It is next insisted that the probate court had jurisdiction of the subject-matter of litigation and that the proceedings therein are not subject to attack. The ‘probate court of Benton County had' no jurisdiction over the person or property of appellee and could acquire none by the appointment of a local guardian. Sections 1 and 2, act 77, Acts 1905, do not authorize the appointment of a guardian for a nonresident insane person nor the sale of such an one’s property in this State by local guardian. Those sections only apply to insane citizens of this State confined in institutions or asylums for insane, either in or out of the State. Section 3 of said act governs with reference to the sale of the property of nonresidents who are insane. That section limits the jurisdiction of the probate courts of this State over the property of nonresidents who áre insane to authority to order the duly appointed guardian, or his agent under power of attorney, in the State of his residence, to sell said property and receive the proceeds therefor upon the execution of proper bond. The proceedings, therefore, of the probate court of Benton County, in appointing a local guardian to sell the real estate in question, were without authority and void.

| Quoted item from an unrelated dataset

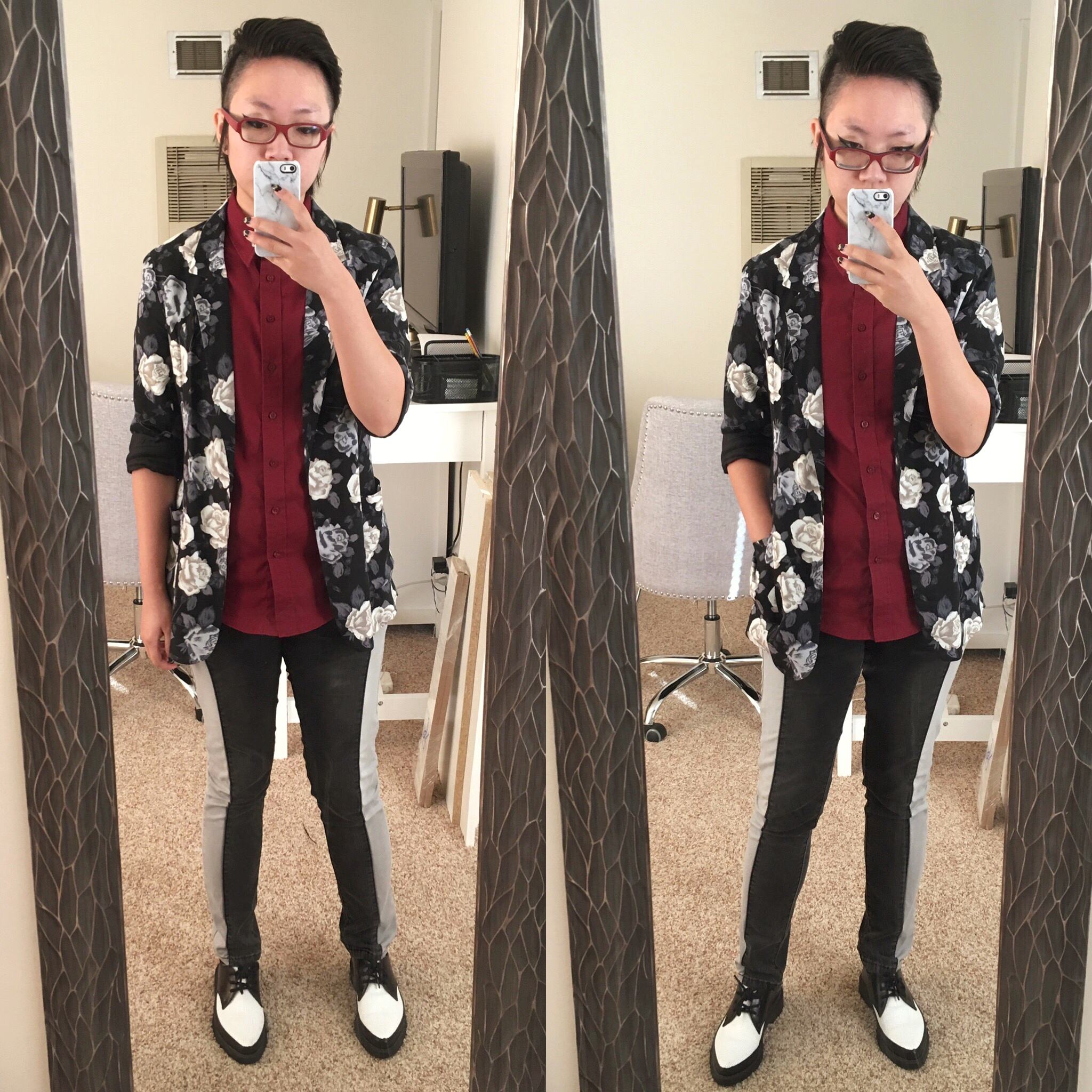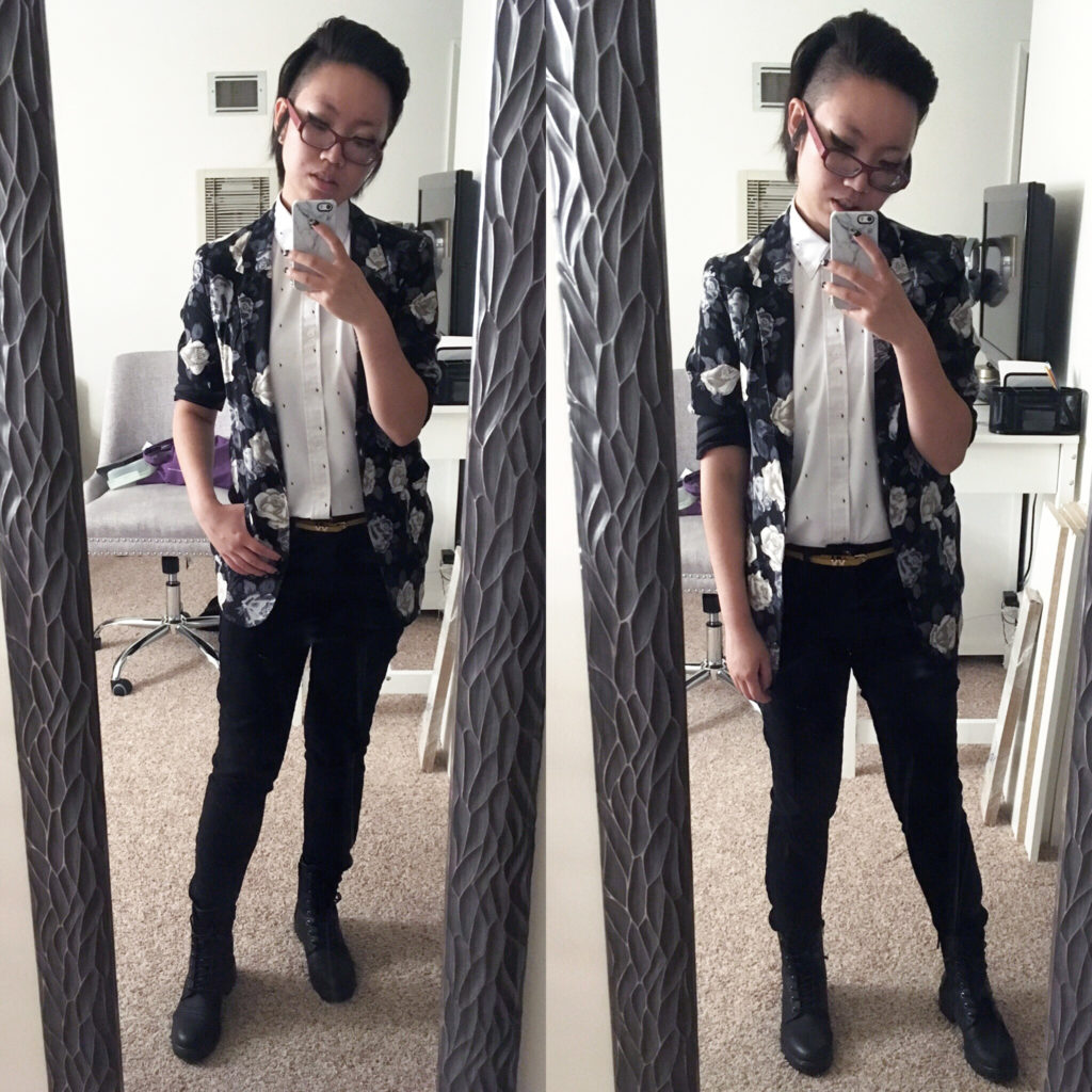 That shirt from Androgynous Foxย is my favorite work shirt. I bought three more, but the others fit differently?! They were tighter around my hips. ๐Ÿ™ Never thought I was a wide-hipped bitch, and yet.
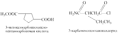 В заключении этого раздела приведем названия некоторых типичных функциональных групп производных карбоксильной группы: COOR – группа называется «алкоксикарбоксил», CONH2 – «карбамоил», COCl – «хлорформил», CN – «циано». Так называются эти группы в полифункциональнозамещенных циклоалканах и алканах.

Lastly, it is insisted that the court erred in denying appellant J. W. Patton remuneration for his improvements to the extent that they enhanced the value of the real estate. The mere fact that he purchased the land under void judicial proceedings can not preclude him from the benefits of the betterment statute. Occupants of land under color of title, who make improvements thereon in good faith, believing themselves to be the owners thereof, are protected under that statute to the extent of the enhanced value of the lands by reason of their improvements. To entitle an occupant to remuneration for his improvements, the test of good faith is: Did he make them in the honest belief that he was the true proprietor and in ignorance that any other person claimed a better right to the land? Beard v. Dansby, 48 Ark. 183. Applying that test in this case, we think appellant J. W. Patton was entitled to a lien on the land for its enhanced value by reason of the improvements made by him. Practically all the improvements were after he obtained a deed to the land. All the parties connected with the transaction thought the proceedings to sell the land were legal. There is nothing from which collusion in the sale and purchase thereof can reasonably be inferred. The property sold for its full value. J. W. Patton was a young farmer, inexperienced in titles. The evidence with reference to the value of the improvements consisted largely of the cost thereof. It should have been directed to the enhanced value of the land by reason of the improvements. The cost thereof, would only' be a circumstance tending to establish the enhanced value of the property on account of the improvements.
For the error indicated, the decree is reversed, in so far as it denied appellant J. W. Patton a lien on the land for the enhanced value thereof because of the improvements he made thereon, and the cause remanded with directions to proceed in accordance with this opinion. In all other respects, the decree is affirmed.